RStudio is split into three panes when you open it first time:

Each of which has a few tabs. We care about a few of these tabs right now:

Left pane:

  • the console tab where outputs are displayed (you can also directly type code into the console, but your code won’t be saved)

Upper-right pane:

  • the Environment tab that fills when you create saved objects
  • the History tab for seeing and rerunning any previous commands

Lower-right pane:

  • the Files tab from which you can open files (it that defaults to your home folder where the .Rproj is stored for this project)
  • the Plots tab for viewing plot outputs that you’ve created
  • the Help tab for searching for help with R packages and functions

4.2 Start a script

Open a new file with File > New File > R script, or in the top left of RStudio click the button with a ‘+’ in a green circle on a white square, then click ‘R Script’:

A new pane will appear with a new scripting tab. It’s blank. You type the code into this space and run it. The inputs and results are displayed in the console below once the script has been executed. This is not too dissimilar to what you get in SQL Server Management Studio, for example.
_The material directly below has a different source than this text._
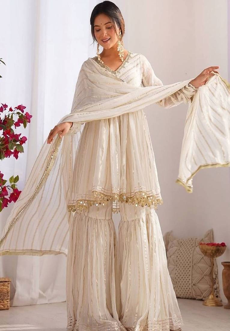 White Mal Chanderi Sharara Set Designer Mirror Work Outfit

You can have more than one scripting tab open at once. Usually you would have one script per process. For example, one for reading and manipulating data (e.g. 01_read-data), one for modelling (e.g. 02_model)and one for plotting (03_plot), i.e. sensible names with a number that indicates the order to execute the code. This will improve reproducibility.

Start your script with some useful information. Anything prefixed with a hash (#) will be recognised as a comment and won’t be executed as code. For example:

# Title: Sensational training script
# Purpose: To inspire new R users
# Name: Matt Dray
# Date: Jan 2018

You can copy-paste or type the code from this document into your R script as we go along. Remember to add comments with # to say what you’re doing and to break your script up into sections.

4.3 Execute code

Type 1 + 1 into your scripting window (upper left pane). To ‘run’ the code, make sure your cursor is on the line containing the code and use the keyboard shortcut ‘Control + Enter’ to execute it (alternatively, click the ‘Run’ button in the top right of the scripting window). This will only run the bit of code you’ve highlighted; it won’t continue running the whole script.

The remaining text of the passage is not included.